Na hora do jogo, a pressão pela montagem da linha com eficácia e rapidez é grande. Se grande parte da reclamação sobre o VAR está no tempo de jogo parado, a elaboração das linhas é também responsável pela falta de celeridade no processo.
Durante o jogo entre Fortaleza e São Paulo, o bandeira anulou gol do chileno Henríquez em campo. Direto da central do VAR, Rodrigo Nunes de Sá comandou a montagem da linha de impedimento para confirmar a decisão de manter o gol anulado. Veja como foi a montagem da linha no vídeo abaixo e confira um spoiler:
- Base no pé. Vamos no ombro. Direita. Mais, mais. Lateral do ombro. Direita. Mais. Mais. Mais. Mais. Aí - orientou Sá ao operador de replay, durante formação da linha.
Conforme pode-se perceber, a figura do operador de replay é muito importante dentro da cabine do árbitro de vídeo, uma vez que é ele quem executa as ordens do VAR para elaboração da linha de impedimento.
Quem atua como operador são profissionais da provedora de tecnologia do VAR. Na Série A e na Copa do Brasil são da empresa Hawk-Eye. Nas Séries B, C e D são da empresa Sportshub. O Campeonato Brasileiro Série C vai ter VAR nos 24 jogos da Segunda Fase e nos dois confrontos da final. Já na Série D, o árbitro de vídeo começa a atuar a partir das quartas de final.
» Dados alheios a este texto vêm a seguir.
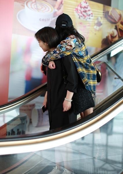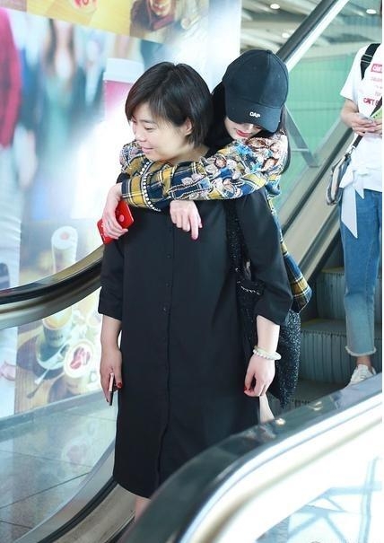 一般情况下,明星都应该酷酷的走机场秀,跟助理黏在一块这种套路还真没见过。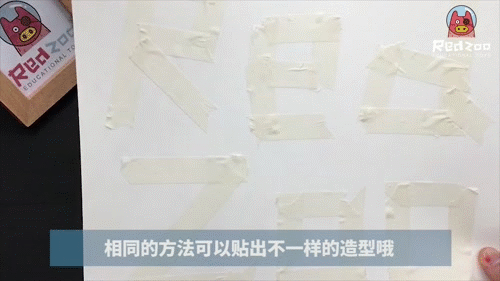 最后,见证奇迹的时刻到啦!把胶布撕下来,颜色凌乱的画面被整齐分割,出现边缘整齐的几何色块,作品完成啦!
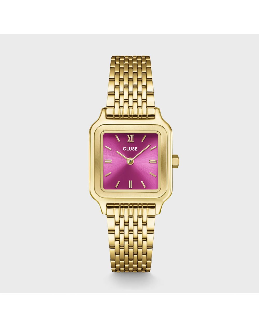 Affirmez votre style avec la montre Cluse Gracieuse Petite et son éclatant cadran rose fuchsia effet sunray. Son boîtier carré de 24 mm en acier inoxydable doré sublime le poignet avec une touche moderne et féminine, parfaite pour apporter du caractère à toutes vos tenues.

Para atuar na Série A e na Copa do Brasil, são mais de 30 operadores homologados pela Ifab/Fifa para operar o replay do VAR em todo o país. O software da linha de impedimento é próprio desenvolvido pela Hawk-Eye, com replay, comunicação e linhas de impedimento com triangulação em diversas câmeras. A tecnologia da Hawk-Eye é usada em competições da Fifa, Uefa, Conmebol e de campeonatos como a Premier League, La Liga, Serie A Italiana, Budesliga, Francês e MLS.
- Nossa função é ser as mãos do árbitro durante as checagens e auxiliá-lo de todas as maneiras com as ferramentas que temos à disposição. Precisamos estar muito atentos e em uma sintonia boa com toda a equipe para trabalhar com precisão e agilidade, que é o que todo mundo deseja - explicou Bernardo Fernandes Lemos, operador de replay do VAR.
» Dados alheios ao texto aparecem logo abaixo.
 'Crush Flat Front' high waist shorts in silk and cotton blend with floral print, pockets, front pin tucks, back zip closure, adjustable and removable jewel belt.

- Para isso, além de dominar o sistema e ter agilidade na seleção das imagens, buscamos também entender ao máximo o protocolo e as regras do jogo, para acompanhar o raciocínio do VAR na hora de uma revisão. E com certeza o maior desafio é buscar decidir até mesmo os incidentes mais difíceis com o menor impacto possível na partida - completou o operador.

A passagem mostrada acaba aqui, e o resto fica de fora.